Data supplied
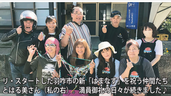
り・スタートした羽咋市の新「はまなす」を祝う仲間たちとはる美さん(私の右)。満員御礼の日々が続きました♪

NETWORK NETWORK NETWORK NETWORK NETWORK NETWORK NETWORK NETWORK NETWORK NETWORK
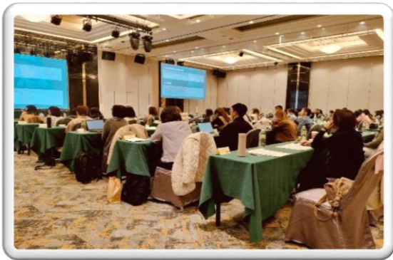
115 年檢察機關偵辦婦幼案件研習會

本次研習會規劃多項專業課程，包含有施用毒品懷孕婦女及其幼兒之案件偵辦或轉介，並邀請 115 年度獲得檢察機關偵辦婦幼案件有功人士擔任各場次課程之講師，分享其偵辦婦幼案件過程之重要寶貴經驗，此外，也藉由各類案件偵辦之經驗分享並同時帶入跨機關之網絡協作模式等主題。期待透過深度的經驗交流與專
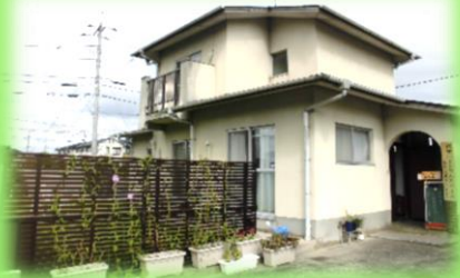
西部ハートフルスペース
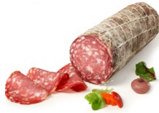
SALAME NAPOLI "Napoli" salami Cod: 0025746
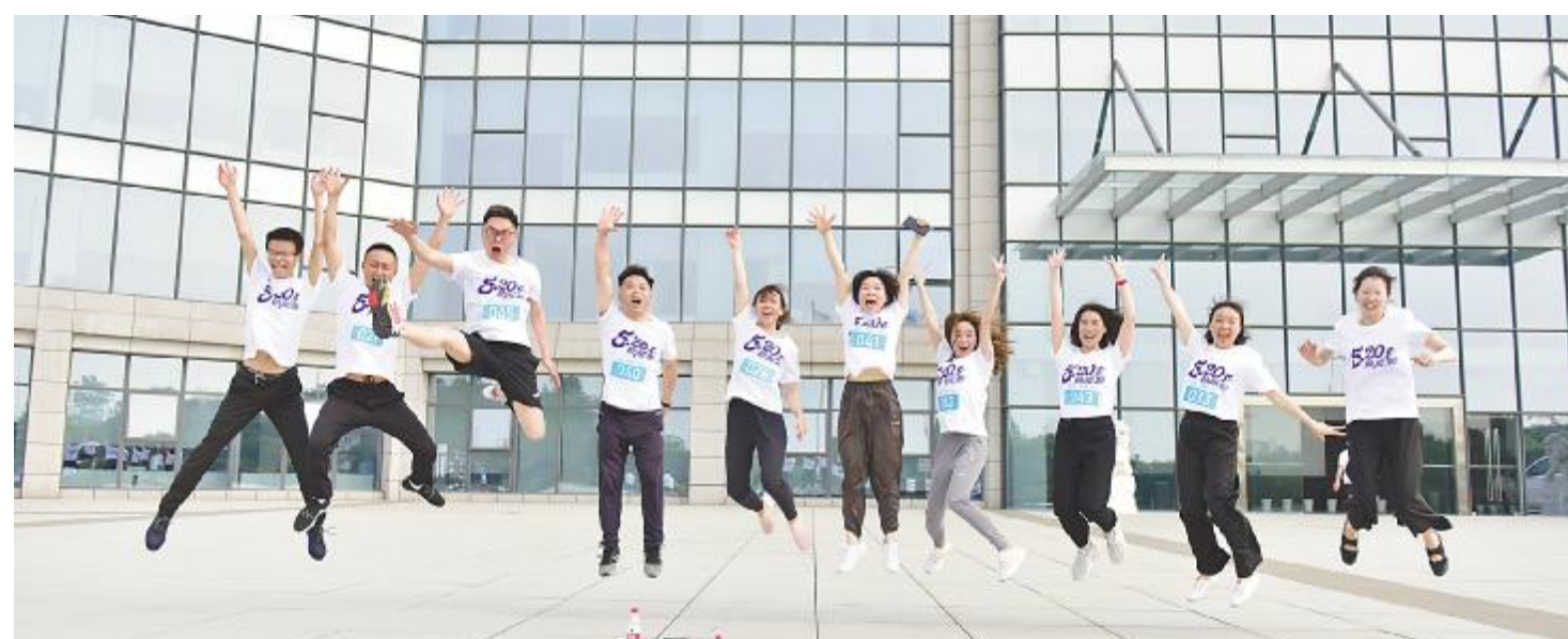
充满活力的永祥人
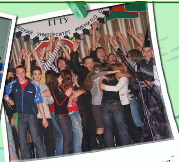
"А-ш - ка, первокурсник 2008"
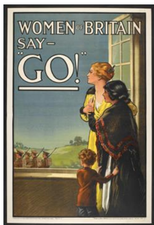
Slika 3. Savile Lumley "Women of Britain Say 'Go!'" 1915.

---

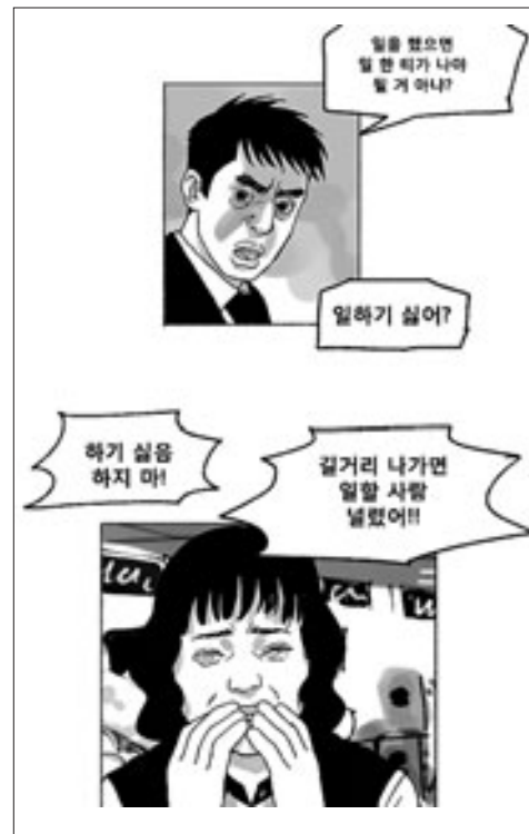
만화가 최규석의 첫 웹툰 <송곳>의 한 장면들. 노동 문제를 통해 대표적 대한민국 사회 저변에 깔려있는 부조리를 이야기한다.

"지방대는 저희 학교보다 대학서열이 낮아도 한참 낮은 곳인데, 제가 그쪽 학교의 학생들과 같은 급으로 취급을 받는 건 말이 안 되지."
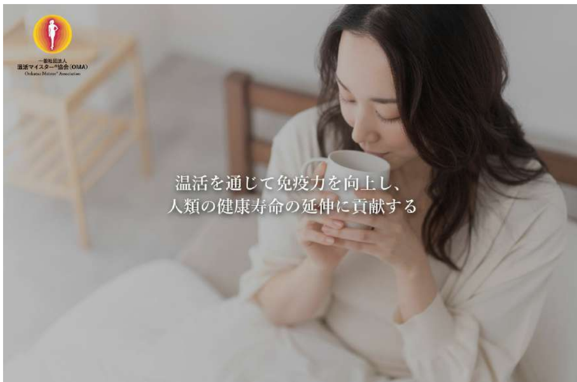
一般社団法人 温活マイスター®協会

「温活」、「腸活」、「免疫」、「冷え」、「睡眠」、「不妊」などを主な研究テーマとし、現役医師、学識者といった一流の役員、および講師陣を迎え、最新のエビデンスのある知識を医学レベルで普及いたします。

Assigned task
Your copy should hold the lines from the one with "salami Cod: 0025746" up to and including the one with "Slika 3. Savile", exactly as in the data above, and no pictures.

Result below
SALAME NAPOLI "Napoli" salami Cod: 0025746
充满活力的永祥人
"А-ш - ка, первокурсник 2008"
Slika 3. Savile Lumley "Women of Britain Say 'Go!'" 1915.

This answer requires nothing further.